Portal is AWESOME!

Completely off-topic, but Valve just finally released the Orange Box yesterday (and of course being a HUGE fan of the HL series I pre-ordered it long ago) and it comes with a game called Portal (see video here: http://youtube.com/watch?v=GWzmL05OlYA) and it’s an extremely well-done game.  I just beat it, but the utilization of physics, creative problem solving, graphics, and hilarious game-play makes it right up to the level of game-play you can expect from Valve’s game.  I’d highly recommend it.



I really thing as independent developers we can really learn a lot of this type of creative game.  It really would be relatively simple to reproduce the basic premise of problem solving using physics.



Anyway, I know this sounds like a big-time advertisement, and no I don’t get any money from sales of the game, but I just wanted to share my impressions on it. :slight_smile:

i agree. portal is ingenious.

Why do I remember playing portal like a year or more ago…?

yeah why do you? i don't even remember what i did yesterday…

:smiley: :smiley: :smiley: :smiley: :smiley: :smiley:



It is the more interesting idea I've ever seen in game design history.

renanse said:

Why do I remember playing portal like a year or more ago...?


Maybe because the video has been around about that long? :o

No, I think it is because I played a student project they based it off of.  (see Narbacular Drop: http://en.wikipedia.org/wiki/Narbacular_Drop)

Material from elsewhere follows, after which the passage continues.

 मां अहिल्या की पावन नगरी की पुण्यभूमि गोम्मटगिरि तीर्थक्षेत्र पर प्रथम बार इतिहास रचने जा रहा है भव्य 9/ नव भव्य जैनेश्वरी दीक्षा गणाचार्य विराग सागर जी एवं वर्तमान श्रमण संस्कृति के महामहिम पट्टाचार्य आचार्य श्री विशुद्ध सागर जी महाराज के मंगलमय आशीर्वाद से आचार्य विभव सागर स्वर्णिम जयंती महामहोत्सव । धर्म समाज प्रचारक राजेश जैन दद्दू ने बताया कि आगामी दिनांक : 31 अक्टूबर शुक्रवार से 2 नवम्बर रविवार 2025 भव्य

Very cool, I had never seen that before.

Nuclear Monkey software?!  :-o



Maybe there's a potential merger with jMonkey Engine in the works?!



Awesome to see that those same people got the chance to go work for a great gaming company and bring something like that to a huge audience.  Sweet.

renanse said:

No, I think it is because I played a student project they based it off of.  (see Narbacular Drop: http://en.wikipedia.org/wiki/Narbacular_Drop)


correction:
the makers of portal ARE these students.

I'm guessing Valve had one or two other people working on it as well.  :wink:

2005 - Narbacular Drop

2006 - Prey (portals were  shown in use in its 1997 showcase)

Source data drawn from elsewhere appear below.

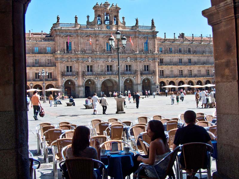 Die Universitätsstadt hat zwei Kathedralen aus dem 12. und dem 16. Jahrhundert, die jedoch einen gemeinsamen Gebäudekomplex bilden. Die Plaza Mayor, auf der früher auch Stierkämpfe abgehalten wurden, gilt als Spaniens schönster Platz. Unsere exzellente Sprachschule in Salamanca liegt nur 6 Gehmniuten von der Plaza Mayor entfernt in zentraler Lage. Bekannt ist auch die „Casa de las conchas“, ein im Plateresco-Stil erbauter Stadtpalast.
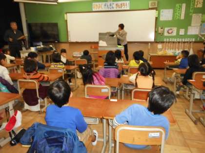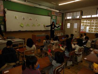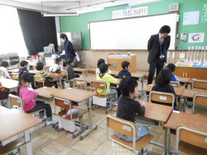 子どもたちは教室でお勉強です。絵本を読み聞かせてもらったり,手遊び歌を一緒に楽しんだりと,みんな楽しそうに活動していました。
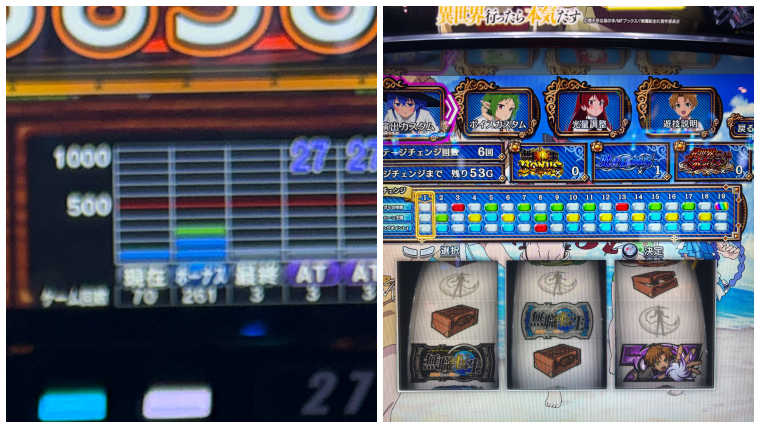 レア役から迷宮探索行ってそこから発展して510ゲーム当選でした。
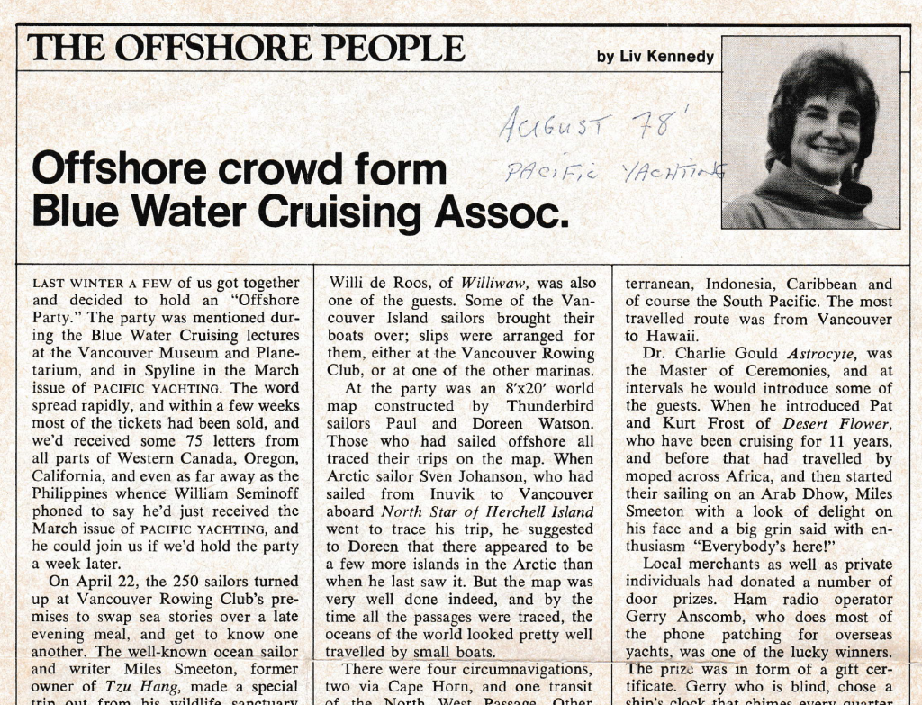 Liv Kennedy, who wrote the Offshore People column for Pacific Yachting magazine for many years, starting in 1970, also started a speakers’ series on blue water cruising for the Vancouver Maritime Museum. The Blue Water Cruising in Small Boats speakers’ series had its debut in 1976, and went on to become a very popular event, boasting full houses on a regular basis. It was during one of those presentations in 1978 that Liv circulated a paper clipboard inviting those interested in forming a blue water sailing club to sign up and come to an “Offshore Party” in April. Seventy-nine people signed up, and many of those became the founding members of what is now a thriving association of just under 500 members, staying true to its vision of “fostering seamanship and friendship for people with an active interest in offshore cruising”.
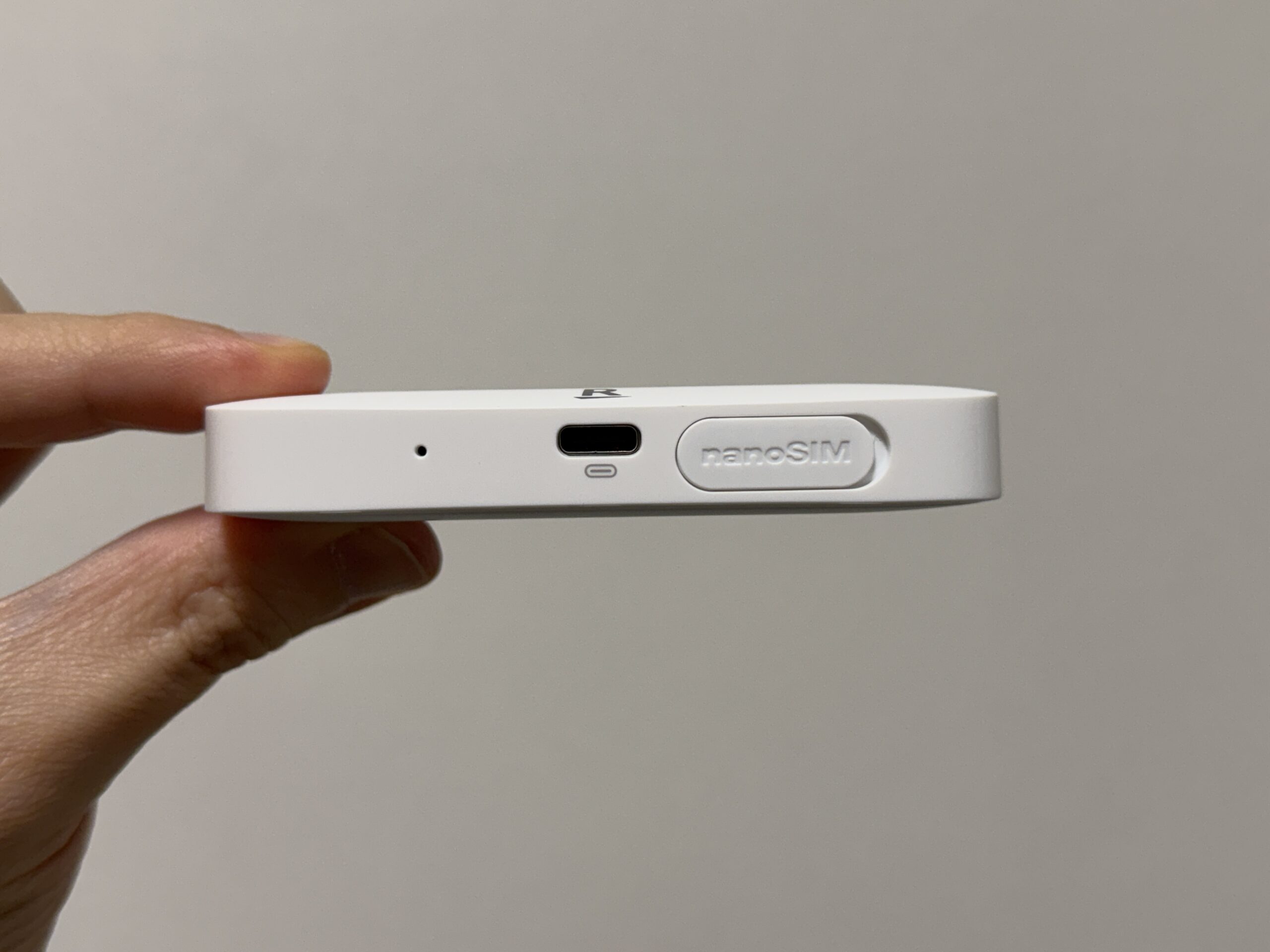 箱の中身はルーター本体と簡単な説明書のみ。手のひらにスッポリ収まるサイズ感で、側面にはUSB-Cケーブル端子、nano SIMスロットを搭載。とてもシンプルなデザインだ。

2007 - Portal (started 2005)



It has been done in pre-1997 games, but visually it has never been compelling till lately.

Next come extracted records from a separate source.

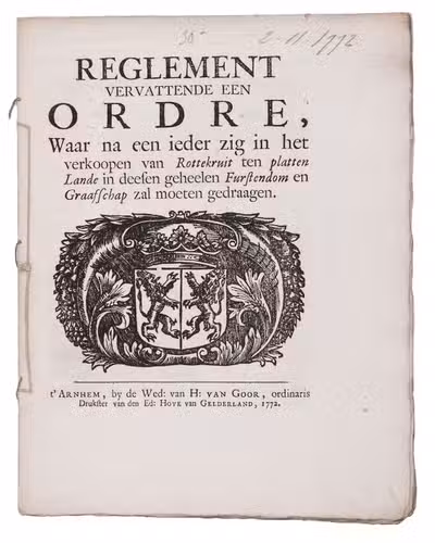 Reglement vervattende een ordre, waar na een ieder zig in het verkoopen van rottekruit ten platten lande in deesen geheelen furstendom en graafschap zal moeten gedraagen.
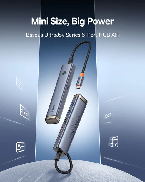 Baseus UltraJoy 6-Port HUB AIR – Space Grey [D] - وصلة تايب سي - 6 في 1 - لاجهزة الايباد برو والماك بوك - متعددة الاستخدام - كفالة 12 شهر
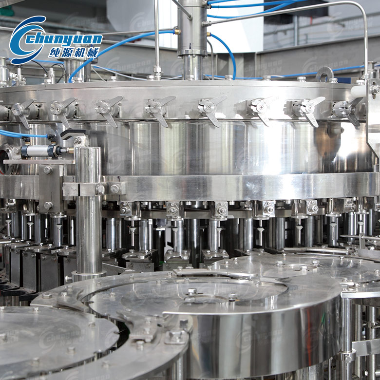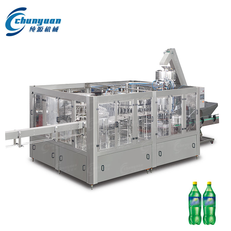 純源機(jī)械廠家供應(yīng)的雪碧含汽飲料機(jī)械集沖洗、灌裝、旋蓋于一體,適用于灌裝雪碧、可樂、碳酸飲料、含汽蘇打水等含汽飲料的聚酯瓶灌裝,全過程實(shí)現(xiàn)自動化。
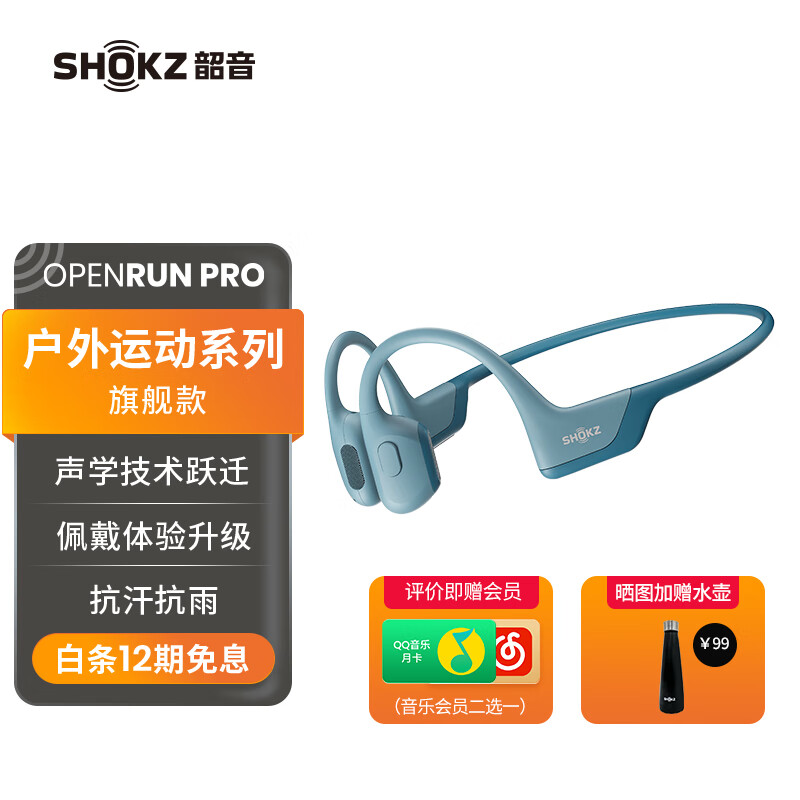 韶音(SHOKZ)OpenRun Pro骨传导蓝牙无线开放式耳机耳麦 不入耳式运动高音质 低频增强S810 牛仔蓝价格:1298.00元!
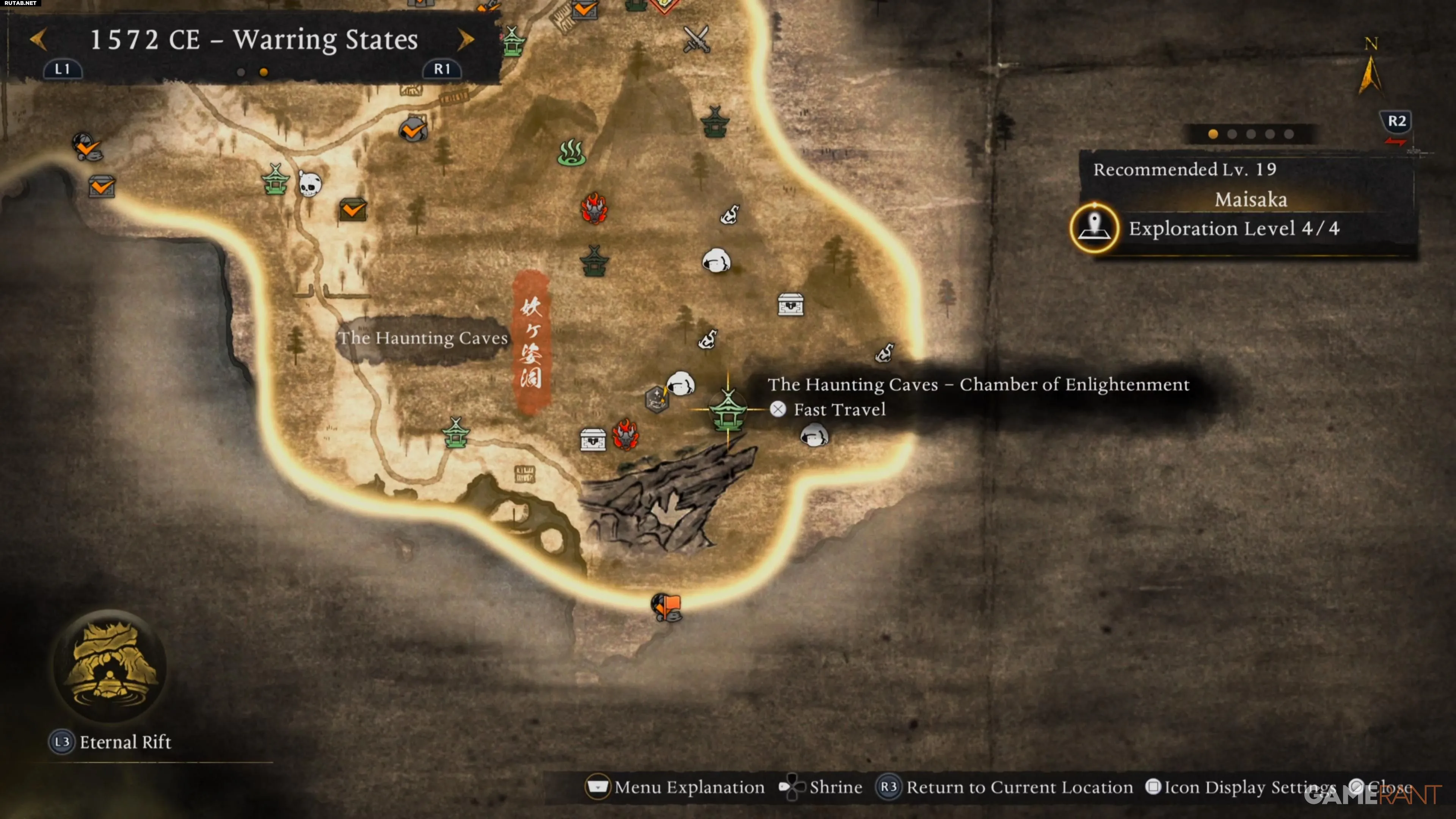 Ваша следующая цель — отправиться на юг от Майсака к пещерам и устранить угрозу внутри. Следуйте по единственной дороге на юг, пока не достигнете святилища у Проклятых пещер.
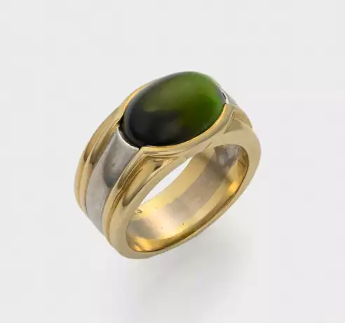 Weiß- und Gelbgold, gest. 585. Zentral besetzt mit einem olivgrünen Turmalincabochon von ca. 6,00 ct.; Gew. ca. 13,48 g.
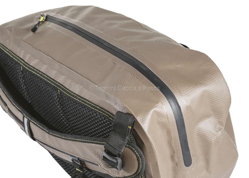 Trabucco Seal Strom Slick Pack 20L: Zaino monospalla stagno con cerniera laterale protetta da fasce gommate. Ideale per spinning e nautica.
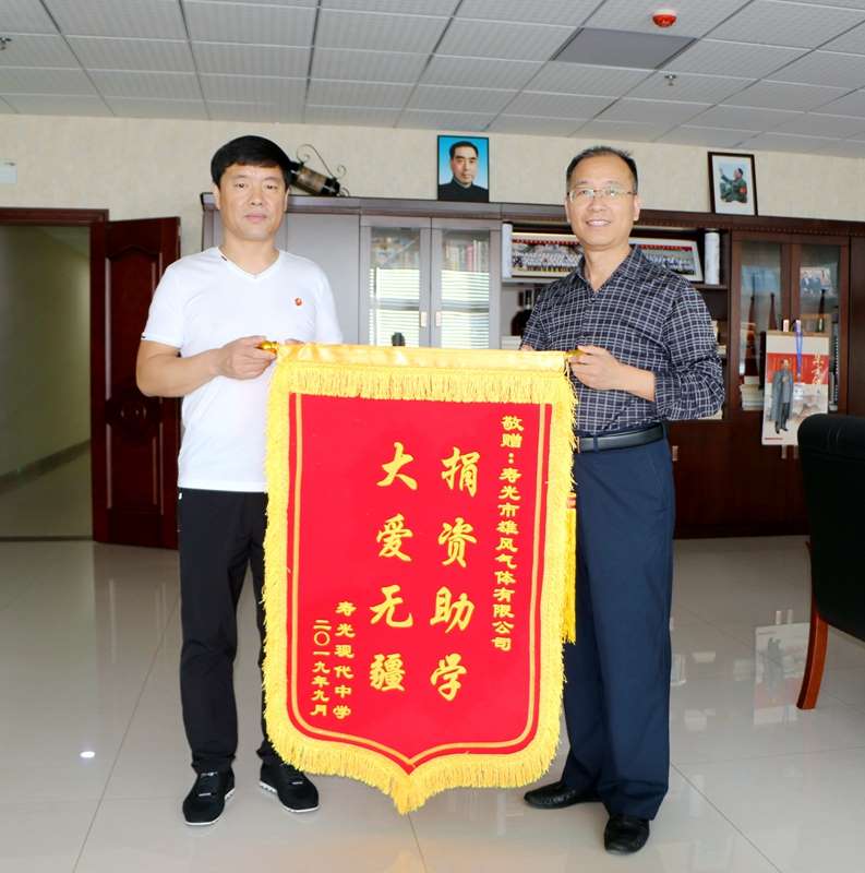 倾心教育暖人心 心怀感恩送锦旗 ——寿光现代中学为两家捐资助学的爱心企业送上锦旗

Duke Nukem 3d had many bugs in its map maker, some which were taken advantage of to make portals.  I recall they did it by mixing a camera with a mirror surface and a regular teleporter.  So I view this as an old idea thats only gonna get better.



I also had a teacher show us portals way back in 2002, using the stencil buffer.  Rendering to a texture is definitely the 'better' way to go about it tho (like in Prey).  Also, OpenGL has a few advantages for directx for doing portals, can't really recall why tho, probably the frame buffer object, and the ease of RTT in OpenGL.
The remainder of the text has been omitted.